"Блажен познавший жизнь такую…"
Блажен познавший жизнь такую
И не убивший жизнь в себе…
Я так устал тебя былую
Искать в теперешней тебе.
Прощай. Господь поможет сладить
Мне с безутешной думой той,
Что я был изгнан правды ради
И краем отчим, и тобой.
На дни распятые не сетуй:
И ты ведь бредила — распни!
А я пойду искать по свету
Лелеющих иные дни,
Взыскующих иного хлеба
За ласки девичьи свои…
Как это все-таки нелепо —
Быть Чацким в горе от любви!
АЛЕКСАНДРИЙСКИЙ СТИХ
Когда мне говорят — Александрия…
Когда мне говорят — Россия,
Я вижу далекие южные степи,
Где был я недавно воином белым,
И где ныне в безвестных могилах
Отгорели мигающим светом
Наши жертвы вечерние — четверо братьев…
Когда говорят мне — Россия,
Я вижу глухой, незнакомый мне город.
В комнате бедной с погасшей лампой
Сидит, наклоняясь над дымной печуркой,
И плачет бесслезно так страшно, так быстро
Осиротевшая мама…
Когда говорят мне — Россия,
Я вижу окно деревянного флигеля,
Покрытого первым сверкающим снегом,
И в нем — Твой замученный, скованный взгляд Твой,
Который я вижу и тогда,
Когда не говорят мне — Россия…
"Ночь опустит траурную дымку…"
Ночь опустит траурную дымку,
В черной лаве захлебнется день.
Помолись и шапку-невидимку
На головку русую надень.
Мы пойдем, незримые скитальцы,
Девочка из цирка и поэт,
Посмотреть, как вяжут злые пальцы
Покрывала на небожий свет.
Маятник, качающийся строго,
Бросил тень на звездные поля.
Это в небе, брошенная Богом,
Вся в крови, повесилась земля.
На глазах самоубийцы стынет
Мертвая огромная слеза.
Тех, кто верит, эта чаша минет,
Тех, кто ждет, не сокрушит гроза.
Не печалься, девочка, не падай
В пустоту скончавшейся земли.
Мы пройдем светящейся лампадой
Там, где кровью многие прошли.
Мы войдем, невидимые дети,
В душу каждую и в каждый дом,
Мглы и боли каменные плети
Крупными слезами разобьем.
Горечь материнскую, сыновью,
Тени мертвых, призраки живых,
Мы сплетем с рыдающей любовью
В обожженный молниями стих.
И услышав огненные строфы
В брошенном, скончавшемся краю,
Снимет Бог наш с мировой Голгофы
Землю неразумную Свою.
"Что ты плачешь, глупая…"
Что ты плачешь, глупая?

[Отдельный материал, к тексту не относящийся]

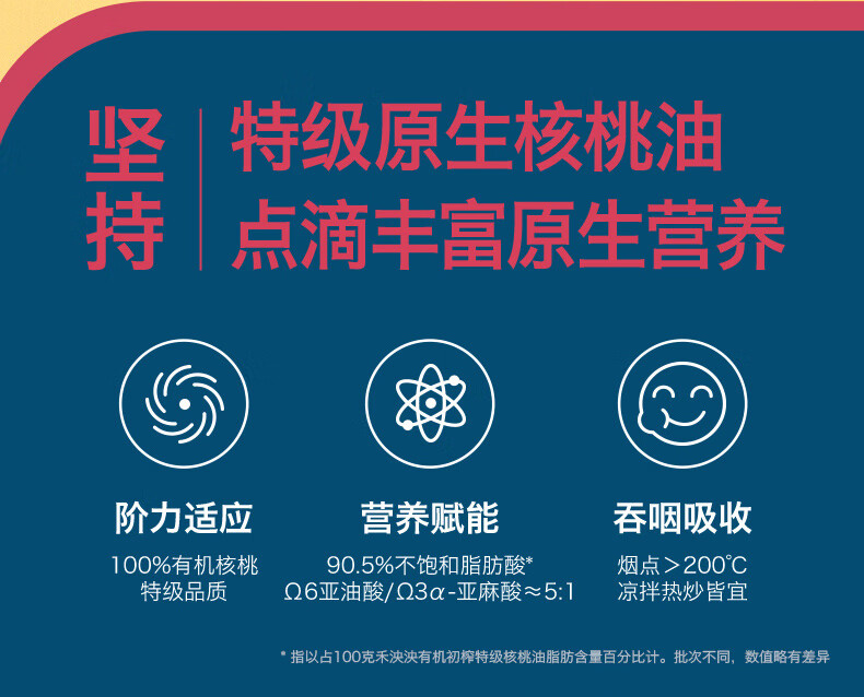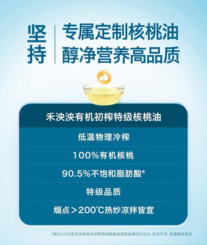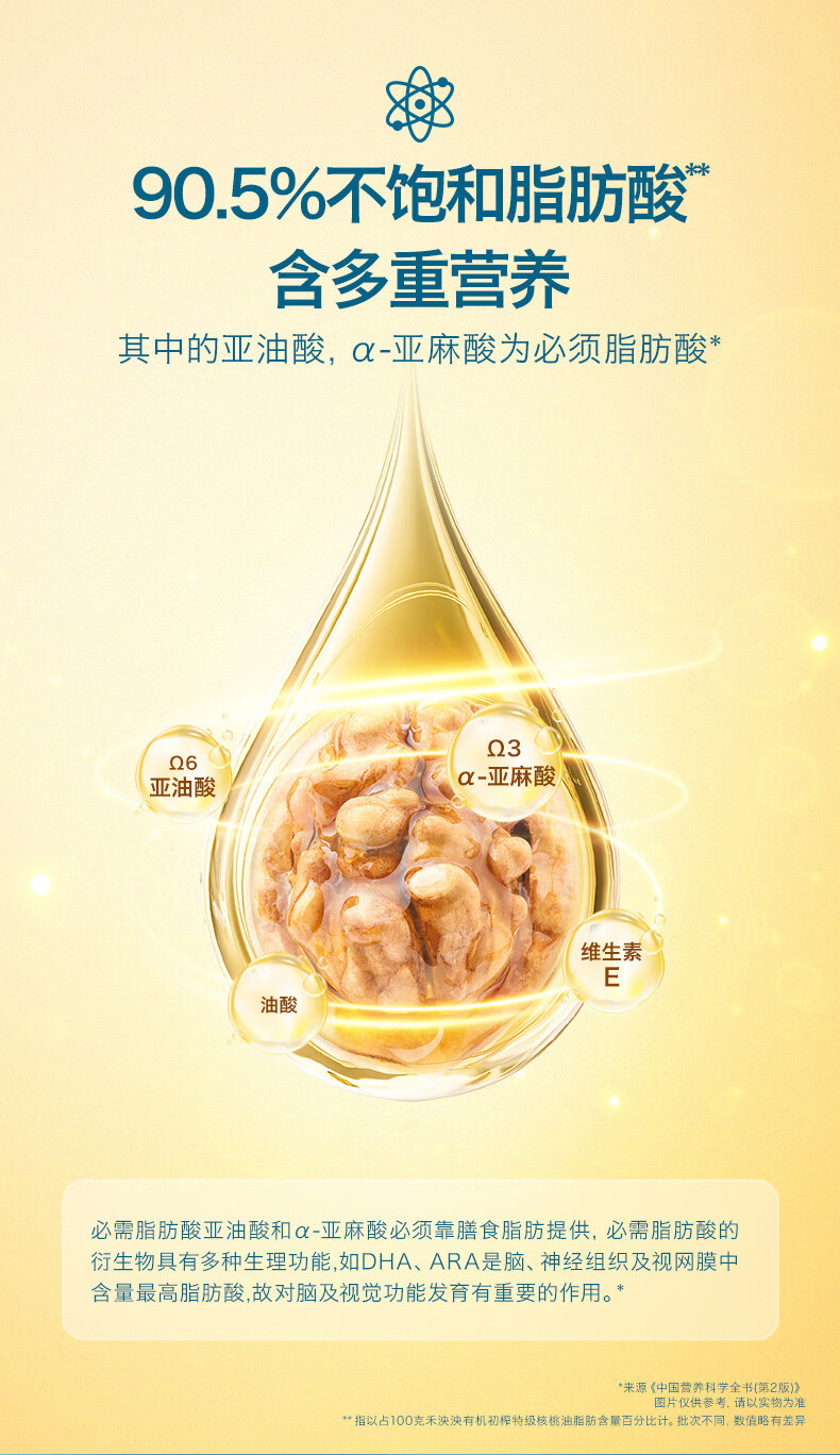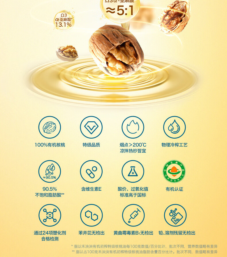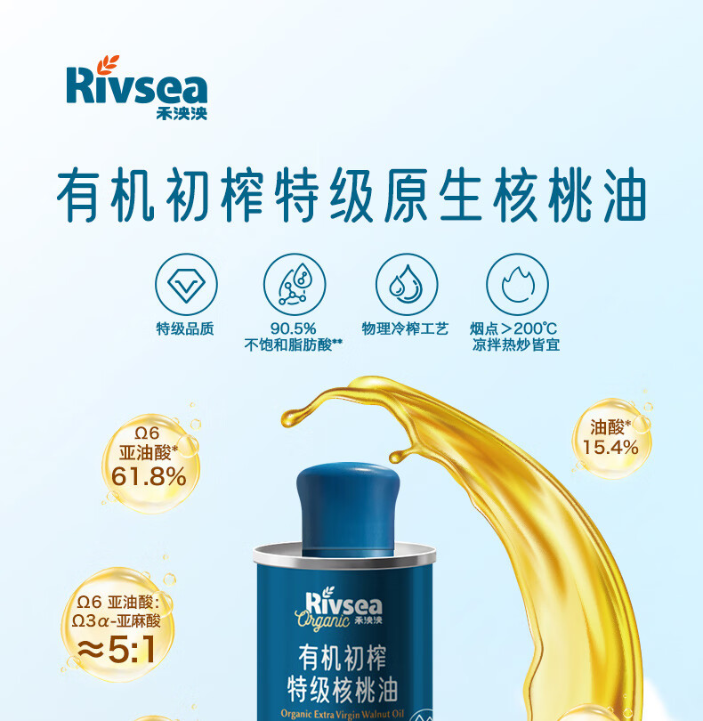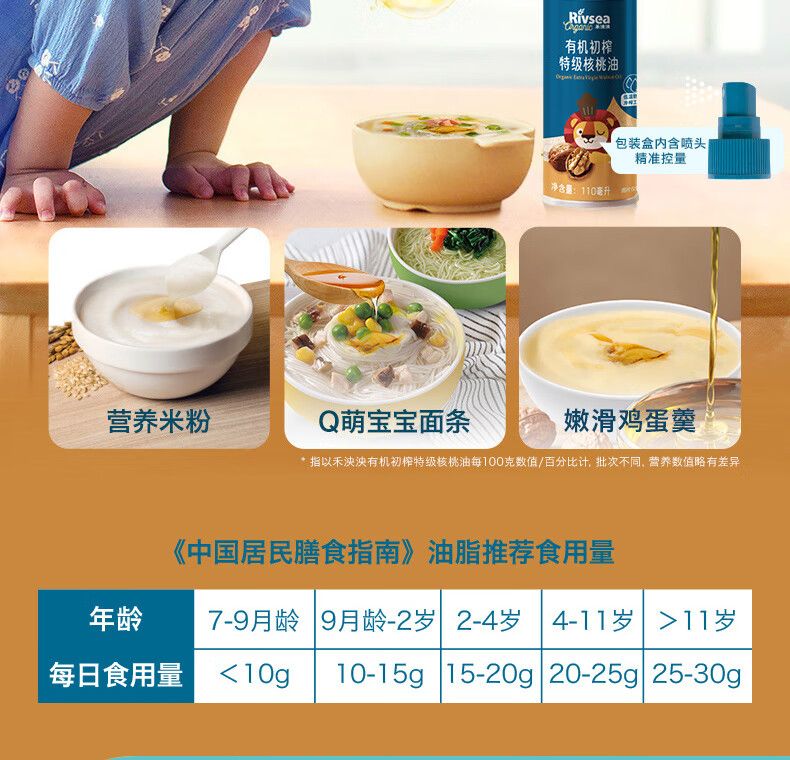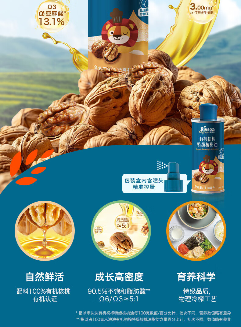 禾泱泱有机初榨特级核桃油110ml宝宝辅食搭配热炒凉拌食用油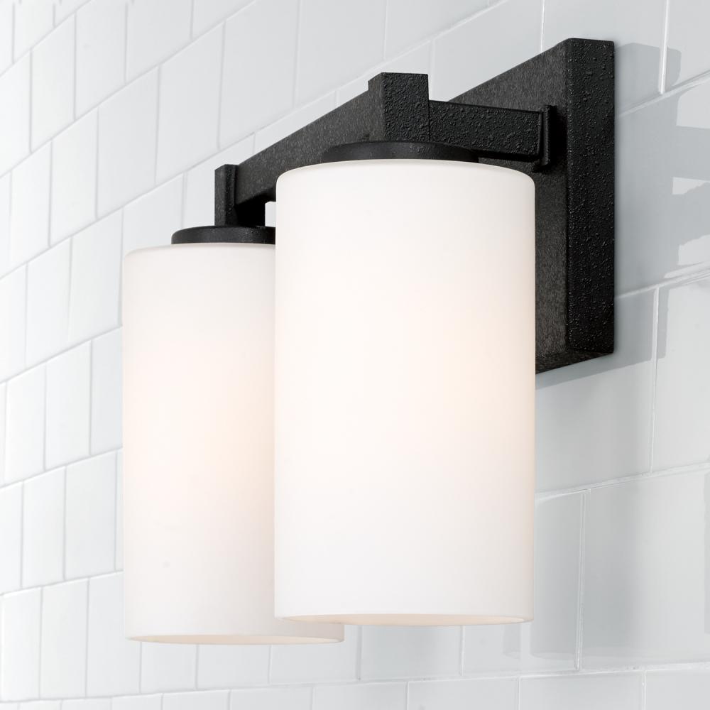 13.25"W x 9.5"H 2-Light Vanity in Black Iron with Soft White Glass

Затем ли
Жгли отцы глаголом неземным
Все народы, города и земли,
Чтобы дети плакали над ним?
Жизнь отцов смешной была и ложной:
Только солнце, юность и любовь.
Мы же с каждой ветки придорожной
Собираем пригоршнями кровь.
Были раньше грешные скрижали:
Веруй в счастье, радуйся, люби…
А для нас святую начертали
Заповедь: укради и убий.
Сколько, Господи, земли и воли!
Каждый встречный наш — веселый труп
С красной чашей хохота и боли
У красиво посиневших губ.
Пой же, смейся! Благодарным взором
Путь отцов в веках благослови!
Мы умрем с тобою под забором,
Захлебнувшись весело в крови…
ЛЮБОВЬ
Странно-хрупкая, крылатая,
Зашептала мне любовь,
Синим сумраком объятая:
«Жертву терпкую готовь…»
И качнула сердце пальцами.
Тихий мрак взбежал на мост.
А над небом, как над пяльцами,
Бог склонился с ниткой звезд.
И пришла Она, проклятая,
В гиблой нежности, в хмелю,
Та, Кого любил когда-то я
И когда-то разлюблю.
Глаза пьянели. И ласк качели
Светло летели в Твой буйный хмель.
Не о Тебе ли все льды звенели?
Метели пели не о Тебе ль?
В снегах жестоких такой высокий
Голубоокий расцвел цветок.
Был холод строгий, а нас в потоки
Огня глубокий Твой взор увлек.
И так бескрыло в метели белой,
Кружась несмело, плыла любовь:
«Смотри, у милой змеится тело,
Смотри, у милой на пальцах кровь».
Но разве ждали печалей дали?
Но разве жала любви не жаль?
Не для Тебя ли все дни сгорали?
Все ночи лгали не для меня ль?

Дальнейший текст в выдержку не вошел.